3.2. MPO-ANCA en PR3-ANCA

Een groter percentage PLN-gevallen had een verhoogde MPO-ANCA-spiegel (≥6 U/mL) in vergelijking met zowel gematchte gezonde controles als controles met SLE zonder LN-ziekte op enig moment voorafgaand aan de diagnose (57% versus 0%, ; 57% versus 5%, , resp.) en in de subgroep minder dan een jaar voorafgaand aan de diagnose (59% versus 0%, <0,001; 59% versus 8%, , resp.). Er werd geen significant verschil gevonden in de subgroepen van 1-4 jaar en >4 jaar voorafgaand aan de diagnose (Tabel 2). Meer PLN-patiënten hadden een MPO-ANCA-spiegel ≥ 3 U/mL vergeleken met gematchte gezonde en ziekte-controles op enig moment (91% versus 26%, ; 91% versus 43%, , resp.), minder dan een jaar voor de diagnose (88% versus 19%, ; 88% versus 39%, , resp.), 1-4 jaar (87% versus 13%, ; 87% versus 38%, , resp.), en >4 jaar (69% versus 25%, ; 69% versus 44%, , resp.) voorafgaand aan de diagnose (Tabel 2).
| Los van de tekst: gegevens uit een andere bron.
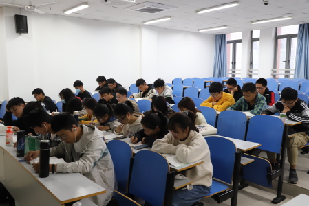 晚上7:30,同学们齐聚双创楼108室进行集中自习。大家埋头苦读、专心致志,教室里只有沙沙的写字声。同学们相互监督,自主学习,梳理一天以来的所学所获,攻克遗留问题,认真完成作业,教室里笼罩着浓厚的学习氛围。屋外深深的夜色和屋内明亮的灯光相融合,不禁令人感慨这一幕安静和谐的学习画面。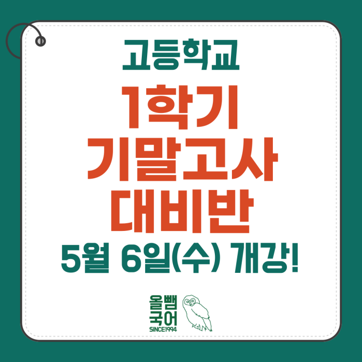 [올뺌국어] 고등부, <1학기 기말고사 대비반>(내신 특강), 5월 6일(수)부터 순차적 개강!

Voorwaardelijke logistische regressie toonde aan dat elke toename van U/ml MPO-ANCA de kans op de diagnose PLN in de toekomst verhoogde, zowel in vergelijking met gezonde controles als met controles bij SLE zonder LN-ziekte (OR 9,1 , ; OR 1,5 , , resp.; Tabel 3).

(a)
MPO-ANCA Gezonde
(%)
Gezonde controles
(%)
OR
(odds ratio)
CI
(betrouwbaarheids interval)
waarde
(Fisher’s exact)
(≥3 U/mL):
Alle 91 (21/23) 26 (6/23) 30 5.3-167 <0.001
<1 jaar 88 (15/17) 19 (3/16) 33 4.7-226 <0.001
1-4 jaar 87 (13/15) 13 (2/15) 42 5.2-347 <0.001
>4 jaar 69 (11/16) 25 (4/16) 6.6 1.4-31 0.03
(≥6 U/mL)
Alle 57 (13/23) 0 (0/23) <0.001
<1 jaar 59 (10/17) 0 (0/16) <0.001
1-4 jaar 7 (1/15) 0 (0/15) 1.0
>4 jaar 19 (3/16) 0 (0/16) 0.23
(b)
MPO-ANCA Cases
(%)
Disease controls
(%)
OR
(odds ratio)
CI
(betrouwbaarheids interval)
waarde
(Fisher’s exact)
(≥3 U/mL):
Alle 91 (21/23) 43 (9/21) 14 2.6-76 <0.001
<1 jaar 88 (15/17) 39 (5/13) 12 1.9-76 0.007
1-4 jaar 87 (13/15) 38 (6/16) 11 1.8-66 0.009
>4 jaar 69 (11/16) 44 (7/16) 2.8 0.7-12 0.29
(≥6 U/mL)
Alle 57 (13/23) 5 (1/21) 26 3.0-228 <0.001
<1 jaar 59 (10/17) 8 (1/13) 17 1.8-164 0.006
1-4 jaar 7 (1/15) 6 (1/16) 1.1 0.1-19 1.0
>4 jaar 19 (3/16) 0 (0/16) 0.5- 0.23
Tabel 2
Het percentage PLN-patiënten met MPO-ANCA boven specifieke drempels vergeleken met overeenkomende gezonde en SLE zonder LN ziekte controles. Het Serum Repository van het Department of Defense kon voor één patiënt geen overeenkomstige ziektecontrole toewijzen. De monsters voor een tweede controle zijn tijdens de verwerking verloren gegaan. Niet alle patiënten hadden monsters beschikbaar voor elke periode van de subgroep. Als er meerdere serummonsters aanwezig waren voor een patiënt in een specifieke periode voor subgroepanalyse, dicteerde het hoogste antilichaamniveau de groepstoewijzing. vanwege de werkelijke oneindige waarde.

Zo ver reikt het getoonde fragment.